Cornell's Blau points to research suggesting that women tend to shy away from competition, which could lead them to avoid high-paying sectors and jobs.
- Hitting a wall -
Women also typically engage less in salary negotiations than men -- although this leads back to the debate about discrimination and gender stereotyping.
"Disturbingly, there's increasing evidence that women get more negative responses when they negotiate," Blau said.
Even the Oscar-winning Lawrence admits hitting a wall in negotiations, saying she failed to press for higher pay for fear of being labeled "difficult" or "spoiled."
"I don't think I've ever worked for a man in charge who spent time contemplating what angle he should use to have his voice heard. It's just heard," she wrote.

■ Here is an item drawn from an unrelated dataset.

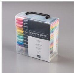
Many Marvelous Markers - 147154
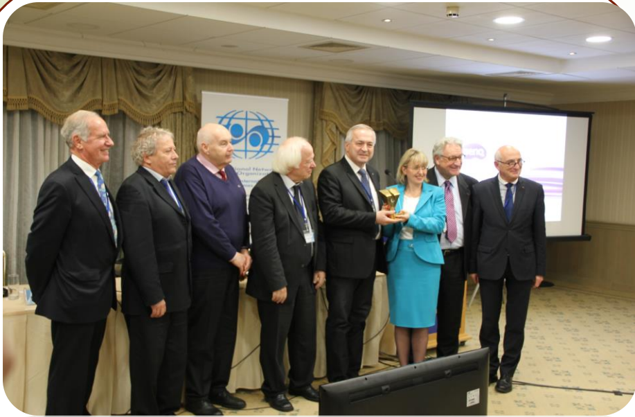
12 th EURO INBO Conference, Bucharest, Romania – November 2014

Another key issue -- repeatedly raised on the campaign trail -- is the state of child care in a country where public education does not begin until a child is five years old. Unlike many developed countries, the United States has no subsidized universal child-care program.
Women raising children tend to avoid companies that do not offer flexible hours or telework, narrowing their employment options. Making workplaces more flexible would be a good starting point for more equal chances, activists and economists agree.